= What to produce =
Make the copy match the entries below exactly, with no pictures carried over.

(Stored data entries)
- Opening Delimiter -

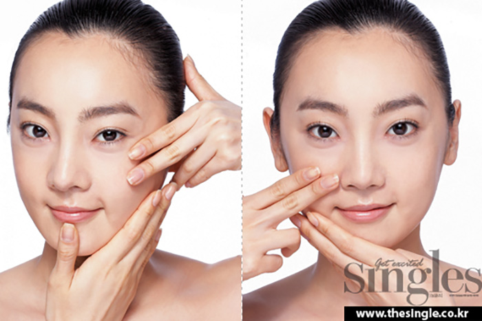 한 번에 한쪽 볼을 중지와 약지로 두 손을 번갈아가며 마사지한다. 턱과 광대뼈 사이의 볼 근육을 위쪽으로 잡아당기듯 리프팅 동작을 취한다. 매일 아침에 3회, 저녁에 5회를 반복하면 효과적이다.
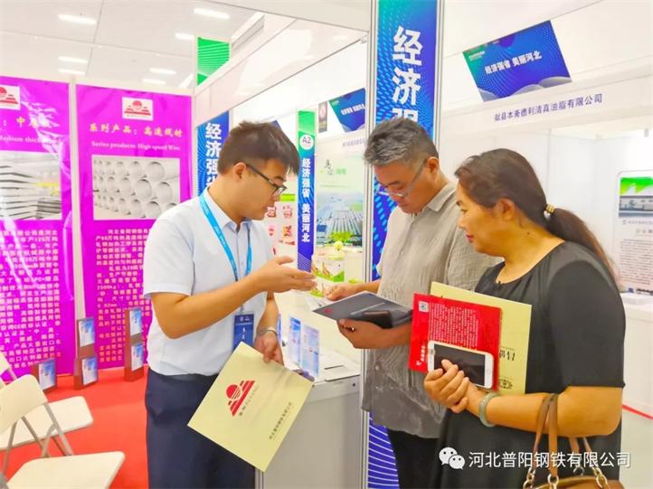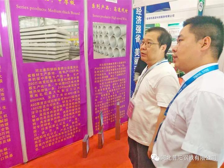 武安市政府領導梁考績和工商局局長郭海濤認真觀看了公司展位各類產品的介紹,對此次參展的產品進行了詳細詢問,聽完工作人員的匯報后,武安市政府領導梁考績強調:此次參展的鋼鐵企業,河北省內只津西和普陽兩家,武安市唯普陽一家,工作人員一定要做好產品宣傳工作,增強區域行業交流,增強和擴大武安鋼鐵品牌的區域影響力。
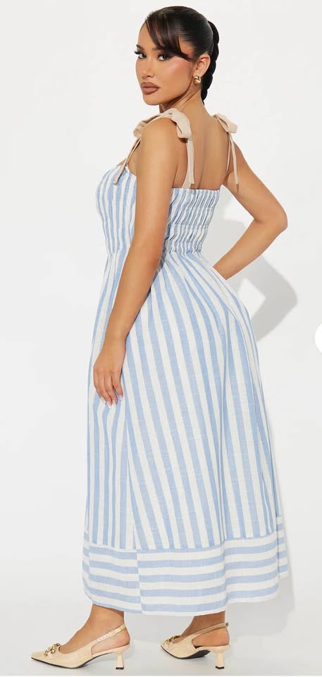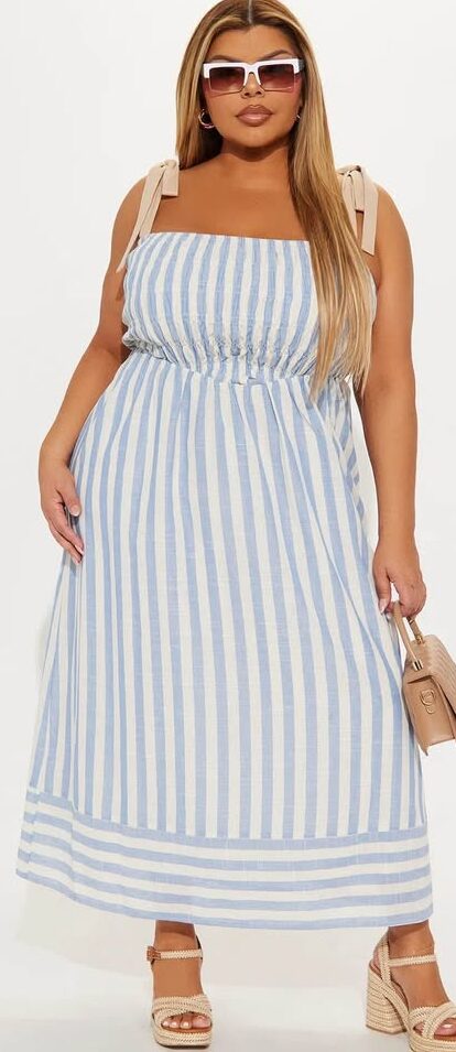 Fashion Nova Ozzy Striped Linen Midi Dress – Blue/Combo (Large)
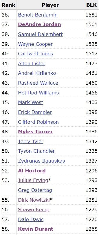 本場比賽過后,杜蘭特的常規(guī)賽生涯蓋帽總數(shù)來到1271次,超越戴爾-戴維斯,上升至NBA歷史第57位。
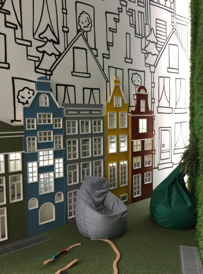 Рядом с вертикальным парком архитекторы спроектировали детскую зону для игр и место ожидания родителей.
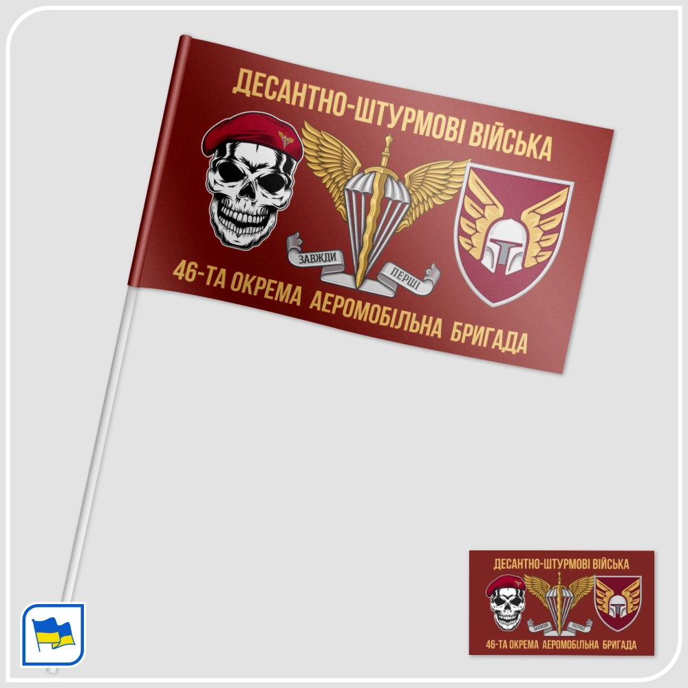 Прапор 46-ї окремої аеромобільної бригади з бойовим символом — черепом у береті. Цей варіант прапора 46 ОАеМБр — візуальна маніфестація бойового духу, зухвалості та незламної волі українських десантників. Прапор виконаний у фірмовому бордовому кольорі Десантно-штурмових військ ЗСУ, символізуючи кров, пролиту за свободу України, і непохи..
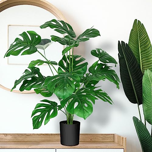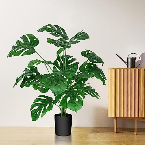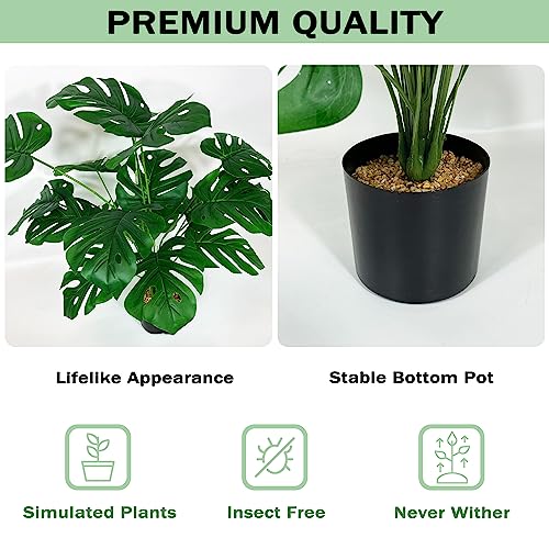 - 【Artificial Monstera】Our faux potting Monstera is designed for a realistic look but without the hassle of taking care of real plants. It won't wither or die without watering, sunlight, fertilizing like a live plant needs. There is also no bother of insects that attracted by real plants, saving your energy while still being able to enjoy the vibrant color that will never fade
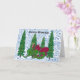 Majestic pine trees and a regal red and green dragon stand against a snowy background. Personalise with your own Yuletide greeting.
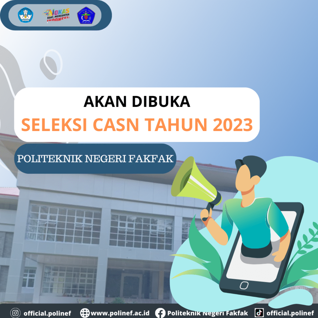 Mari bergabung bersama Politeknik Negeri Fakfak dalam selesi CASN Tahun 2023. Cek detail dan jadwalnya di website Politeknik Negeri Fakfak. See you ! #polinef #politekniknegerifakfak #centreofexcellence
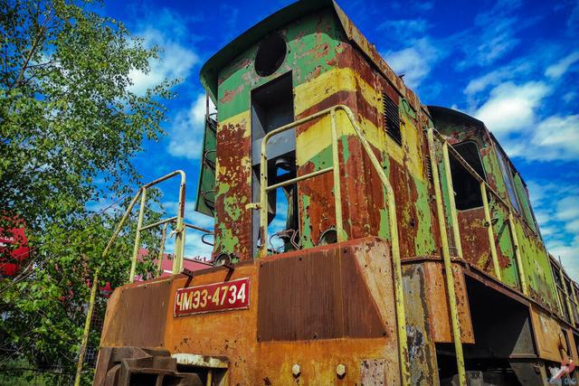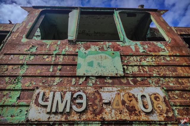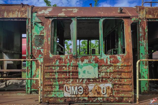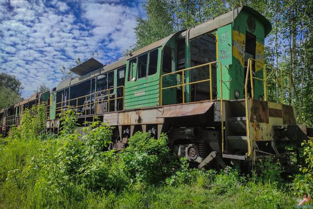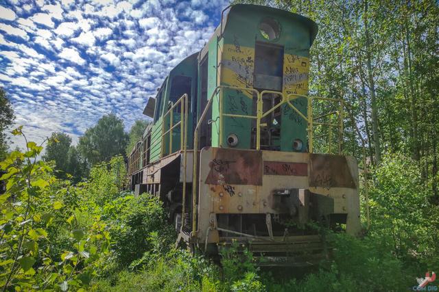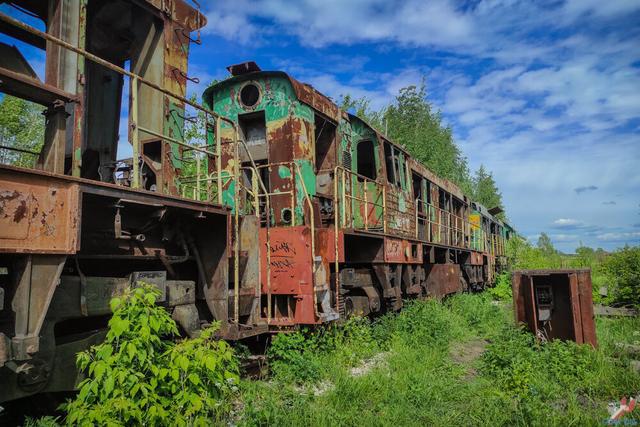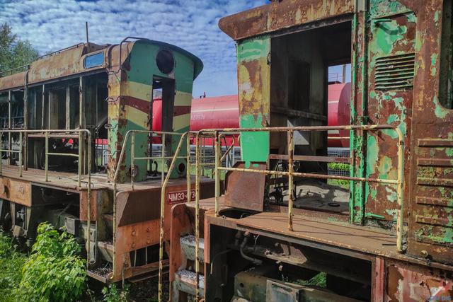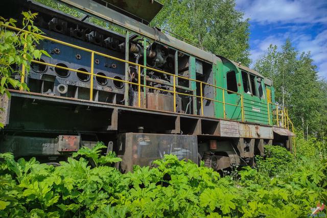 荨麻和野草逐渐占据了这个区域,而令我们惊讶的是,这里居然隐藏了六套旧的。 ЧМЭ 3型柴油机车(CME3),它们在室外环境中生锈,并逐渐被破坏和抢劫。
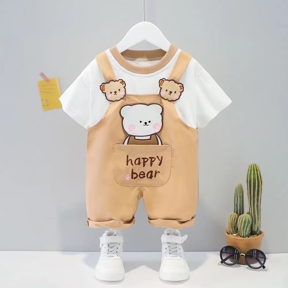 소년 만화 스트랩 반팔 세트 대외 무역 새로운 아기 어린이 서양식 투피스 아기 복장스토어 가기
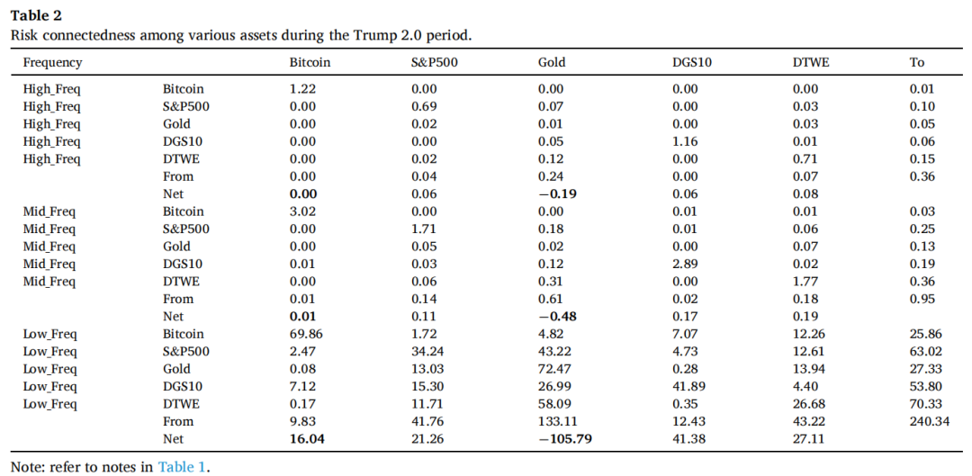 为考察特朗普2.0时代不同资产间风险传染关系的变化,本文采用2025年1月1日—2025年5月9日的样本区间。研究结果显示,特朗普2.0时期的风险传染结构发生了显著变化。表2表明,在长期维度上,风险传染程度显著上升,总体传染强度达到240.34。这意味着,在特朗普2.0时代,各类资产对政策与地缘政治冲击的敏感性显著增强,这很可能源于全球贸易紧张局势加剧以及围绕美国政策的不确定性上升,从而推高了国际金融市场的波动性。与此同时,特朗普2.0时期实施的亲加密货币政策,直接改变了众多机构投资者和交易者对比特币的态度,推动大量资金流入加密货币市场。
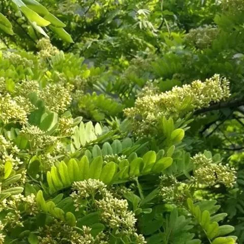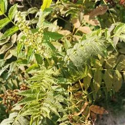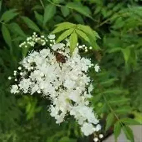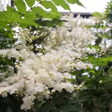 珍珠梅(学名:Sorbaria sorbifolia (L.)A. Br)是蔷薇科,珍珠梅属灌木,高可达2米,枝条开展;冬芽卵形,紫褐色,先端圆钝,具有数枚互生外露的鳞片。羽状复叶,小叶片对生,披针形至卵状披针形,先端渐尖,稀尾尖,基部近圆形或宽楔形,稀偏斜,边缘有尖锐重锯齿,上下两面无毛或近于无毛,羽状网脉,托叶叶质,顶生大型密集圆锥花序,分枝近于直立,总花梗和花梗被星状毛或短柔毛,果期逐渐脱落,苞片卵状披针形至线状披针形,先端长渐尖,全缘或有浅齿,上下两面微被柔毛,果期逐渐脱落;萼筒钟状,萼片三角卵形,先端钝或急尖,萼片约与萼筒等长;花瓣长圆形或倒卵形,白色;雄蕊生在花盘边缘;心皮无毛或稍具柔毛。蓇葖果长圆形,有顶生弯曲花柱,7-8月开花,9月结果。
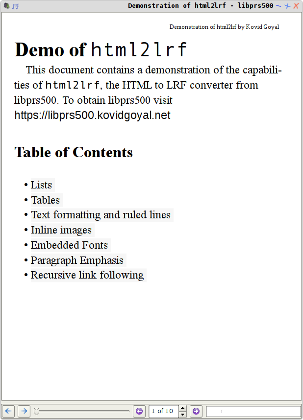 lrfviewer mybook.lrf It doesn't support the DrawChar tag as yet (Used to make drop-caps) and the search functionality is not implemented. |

- Closing Delimiter -

= Answer to the problem =
 한 번에 한쪽 볼을 중지와 약지로 두 손을 번갈아가며 마사지한다. 턱과 광대뼈 사이의 볼 근육을 위쪽으로 잡아당기듯 리프팅 동작을 취한다. 매일 아침에 3회, 저녁에 5회를 반복하면 효과적이다.
 武安市政府領導梁考績和工商局局長郭海濤認真觀看了公司展位各類產品的介紹,對此次參展的產品進行了詳細詢問,聽完工作人員的匯報后,武安市政府領導梁考績強調:此次參展的鋼鐵企業,河北省內只津西和普陽兩家,武安市唯普陽一家,工作人員一定要做好產品宣傳工作,增強區域行業交流,增強和擴大武安鋼鐵品牌的區域影響力。
 Fashion Nova Ozzy Striped Linen Midi Dress – Blue/Combo (Large)
 本場比賽過后,杜蘭特的常規(guī)賽生涯蓋帽總數(shù)來到1271次,超越戴爾-戴維斯,上升至NBA歷史第57位。
 Рядом с вертикальным парком архитекторы спроектировали детскую зону для игр и место ожидания родителей.
 Прапор 46-ї окремої аеромобільної бригади з бойовим символом — черепом у береті. Цей варіант прапора 46 ОАеМБр — візуальна маніфестація бойового духу, зухвалості та незламної волі українських десантників. Прапор виконаний у фірмовому бордовому кольорі Десантно-штурмових військ ЗСУ, символізуючи кров, пролиту за свободу України, і непохи..
 - 【Artificial Monstera】Our faux potting Monstera is designed for a realistic look but without the hassle of taking care of real plants. It won't wither or die without watering, sunlight, fertilizing like a live plant needs. There is also no bother of insects that attracted by real plants, saving your energy while still being able to enjoy the vibrant color that will never fade
 Majestic pine trees and a regal red and green dragon stand against a snowy background. Personalise with your own Yuletide greeting.
 Mari bergabung bersama Politeknik Negeri Fakfak dalam selesi CASN Tahun 2023. Cek detail dan jadwalnya di website Politeknik Negeri Fakfak. See you ! #polinef #politekniknegerifakfak #centreofexcellence
 荨麻和野草逐渐占据了这个区域,而令我们惊讶的是,这里居然隐藏了六套旧的。 ЧМЭ 3型柴油机车(CME3),它们在室外环境中生锈,并逐渐被破坏和抢劫。
 소년 만화 스트랩 반팔 세트 대외 무역 새로운 아기 어린이 서양식 투피스 아기 복장스토어 가기
 为考察特朗普2.0时代不同资产间风险传染关系的变化,本文采用2025年1月1日—2025年5月9日的样本区间。研究结果显示,特朗普2.0时期的风险传染结构发生了显著变化。表2表明,在长期维度上,风险传染程度显著上升,总体传染强度达到240.34。这意味着,在特朗普2.0时代,各类资产对政策与地缘政治冲击的敏感性显著增强,这很可能源于全球贸易紧张局势加剧以及围绕美国政策的不确定性上升,从而推高了国际金融市场的波动性。与此同时,特朗普2.0时期实施的亲加密货币政策,直接改变了众多机构投资者和交易者对比特币的态度,推动大量资金流入加密货币市场。
 珍珠梅(学名:Sorbaria sorbifolia (L.)A. Br)是蔷薇科,珍珠梅属灌木,高可达2米,枝条开展;冬芽卵形,紫褐色,先端圆钝,具有数枚互生外露的鳞片。羽状复叶,小叶片对生,披针形至卵状披针形,先端渐尖,稀尾尖,基部近圆形或宽楔形,稀偏斜,边缘有尖锐重锯齿,上下两面无毛或近于无毛,羽状网脉,托叶叶质,顶生大型密集圆锥花序,分枝近于直立,总花梗和花梗被星状毛或短柔毛,果期逐渐脱落,苞片卵状披针形至线状披针形,先端长渐尖,全缘或有浅齿,上下两面微被柔毛,果期逐渐脱落;萼筒钟状,萼片三角卵形,先端钝或急尖,萼片约与萼筒等长;花瓣长圆形或倒卵形,白色;雄蕊生在花盘边缘;心皮无毛或稍具柔毛。蓇葖果长圆形,有顶生弯曲花柱,7-8月开花,9月结果。
 lrfviewer mybook.lrf It doesn't support the DrawChar tag as yet (Used to make drop-caps) and the search functionality is not implemented. |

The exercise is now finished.